In moderation, manipulation is a powerful tool in psychology and education. People get stuck in ruts, develop ill-founded conceptions of the world, and forget to use the full extent of their abilities. External intervention is caring.
The world is too full of facts and opinions and options that political and cultural expression is necessary, and all expression is manipulative. Without loud and repeated expositions on the situations in Darfur and Iraq, or of gay rights and art expositions, people forget.
Everything we say and do contains an unavoidable element of manipulation. Our privileged role as Sartrian Others infuses every action and inaction with meaning. Every relationship has an element of power struggle, each of us trying grapple others into acknowledging our existence as free-willed, indefinable beings.
The pervasiveness and necessity of manipulation demands that we use it consciously. The potential for hurting others by its unacknowledged use is enormous. Refusing to acknowledge manipulation is disavowing responsibility for it. Good people have a responsibility to develop their powers of manipulation, micro and macro.
But necessity is not a justification for unhindered use. There are ways to manipulate more and less, and more and less appropriate situations, approaches, and responses.
One possible principle is that manipulation must be used in the service of providing for free choice. For example, the purpose of education is to raise people who have the background and skills necessary to teach themselves. Manipulation in psychotherapy should be limited to making clients more capable of making choices in their lives.
Troublingly, this conception of manipulation is always as a means to an end, with the end being the only justification for the means. Moreover, it’s the particular Kantian evil of making another person into a means to one’s own ends. How much manipulation is allowable for how lofty of ends? And if 50’s era housewives delude themselves into being mostly happy, who’s to say their lack of choice is wrong?
Another solution is to respect a kind of anarchy, in honoring the right to refuse. If everyone can start life as independent and free and with 50 acres and a mule surrounded by high walls, any connections they choose to make are a consensual invitation to be manipulated. But that is a fantasy world. We are not free in that way, we cannot live independently from society, and there is no exit from our fellow human beings.
We need a new conception of humans and humanity for the modern world. Human choice is a medley of manipulation, and manipulation is a prerequisite to choice. Manipulation is not the Schopenhauer’s beastly exertion of power—it is amongst the highest and most noble arts of which humankind of capable.

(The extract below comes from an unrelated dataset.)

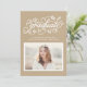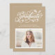 Fêtons le diplômé ! Invités Invitations à votre diplôme avec notre Rustic Whimsical Calligraphy Graduation Photo Invitation. Cette invitation à la remise de diplômes de photographie présente une calligraphie rustique et une photo personnalisée pour faire votre faire-part unique. Cette invitation de graduation personnalisée est parfaite pour envoyer à des amis et à une famille, que vous fassiez une fête ou que vous les ayez simplement invités à votre cérémonie. Parfait pour le lycée, l'université, ou toute étape de graduation. Cette invitation à la graduation rustique est disponible dans une variété de couleurs et de cartons.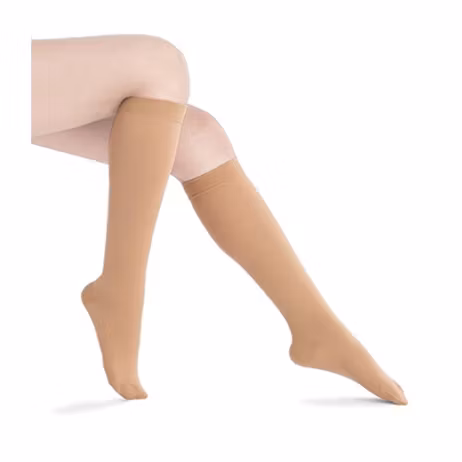 Et par støttestrømper (beige) i højeste kvalitet, der giver aflastning og støtte til trætte og hævede ben. Støttestrømperne er velegnede til dig, der belaster benene meget på arbejde eller i fritiden. De øger blodcirkulationen i benene, hvilket reducerer hævelse og træthed.

Manipulation is a fundamental relation between people. The myth of the rugged individual disconnects our selves from our framing, the manipulative relations that constantly create us.

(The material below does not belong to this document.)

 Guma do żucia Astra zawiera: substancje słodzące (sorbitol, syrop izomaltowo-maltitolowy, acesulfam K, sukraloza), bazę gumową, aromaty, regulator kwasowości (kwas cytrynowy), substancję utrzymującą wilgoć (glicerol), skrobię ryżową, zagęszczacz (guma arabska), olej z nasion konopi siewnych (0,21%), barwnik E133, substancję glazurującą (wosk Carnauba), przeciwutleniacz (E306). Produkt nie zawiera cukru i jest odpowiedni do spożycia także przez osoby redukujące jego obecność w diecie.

We need Martin Buber’s gestalt shift to the supremacy of the relationship. Buber says that there is no “I”, only sides of the “I-It” and “I-You” relations. To be the “I” in an “I-It” relation is to manipulate. For Buber’s, the “I-You” relation was one of passive appreciation, but that is exactly the attitude of openness to manipulation.
We have freedom and choice, but it is a free-will negotiated in concert with Others. The ethics of manipulation are reflected back on us immediately, because they define us. To manipulate another as a means to an end is to oneself become a means. To subvert another’s humanity—even in the service of helping the rise more powerfully from the ashes—is to become an accessory to that process.
Humanism holds that self-service is a natural good. Because of our rationality, our humanity, the fact of our social existence and the goodness inherent in free choice, the path to utopia is in our ability to improve our own situations. If ever more powerful modes of manipulation seem to sour self-service, the problem is not in manipulation, but in our selves.